For the year as a whole, growth of about 3.6 percent is expected. The recovery pae
th, however, is beset with risks, particularly regarding the progress of the pandemic and supply shortages in key industries. Retaining supportive fiscal policy until there is clear evidence of a sustained recovery while also using the fiscal space to lift potential growth over the medium term will be crucial.
The government has extended various COVID-19 measures from 2020, such as grants to firms and an expansion of the short-time work subsidy, while also introducing several new measures to support households and businesses. Maintaining adequate support while the economy is still weak is important to minimize scarring effects. As the recovery firms up, more targeted policies and a focus on facilitating resource re-allocation becomes important.
Over the medium term, it is important that Germany’s fiscal space is used to boost growth potential by investing in physical and human capital, accelerating digitalization, incentivizing innovation, bolstering labor supply, and increasing disposable income for low-income households. Making progress towards these goals would also help with external rebalancing.
A green transition is key to Germany’s recovery program, yet there are opportunities to improve the cost-effectiveness of its climate mitigation measures. Following a constitutional court ruling in May, Germany tightened its greenhouse gas emissions targets aiming for a 65 percent reduction by 2030 and net zero emissions by 2045. Germany could bolster its mitigation program with a better-specified schedule of carbon prices over a longer time horizon, complemented with sector-specific feebates (revenue-neutral tax/subsidy schemes).
Continued government support for green infrastructure and technologies is also essential for the transition and to spur the economic recovery. To mitigate the potential adverse impact of higher carbon prices on households, further relief targeted at lower-income earners can be considered.
Germany’s expanded short-time work subsidy or Kurzarbeit remains important until the recovery takes hold, while groups not covered by Kurzarbeit need to protected by different means. The unprecedented take-up of Kurzarbeit helped keep unemployment in check and supported aggregate demand. However, as the recovery takes hold, normalizing Kurzarbeit parameters becomes essential so as not to inhibit labor reallocation toward growing firms and industries. Job search assistance and appropriate training programs can facilitate workers’ transition into post-pandemic jobs.

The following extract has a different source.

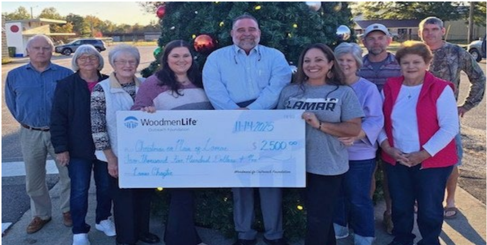
Woodmen Life Lamar Chapter presents Christmas on Main a $2,500 grant.

THIS TOWN IS WITH YOU, SILVER FOXES! GO GET IT!

For groups not covered by Kurzarbeit, maintaining expanded access to the current basic income program would be beneficial until the job market recovers sustainably. To arrest widening inequality, the government could consider reducing social security contributions on lower incomes, which would also spur hiring and labor supply.
Safeguarding financial stability during the nascent recovery is essential. So far bankruptcies and financial losses have been limited, while bank capital has actually increased since the onset of the pandemic. But bankruptcies may rise as support measures are phased out, warranting continued targeted liquidity and solvency support for viable firms.
Meanwhile, specifying an appropriately gradual timetable for banks to rebuild capital buffers is important to mitigate the risk of curtailed lending when it is most needed. Banks also need to improve their cost structures to address chronic low profitability. Progress has been made in narrowing data gaps that have hampered the full assessment of macro-financial risks. But the buildup of financial vulnerabilities in real estate markets calls for close monitoring and for expanding the macroprudential toolkit to include income-based instruments.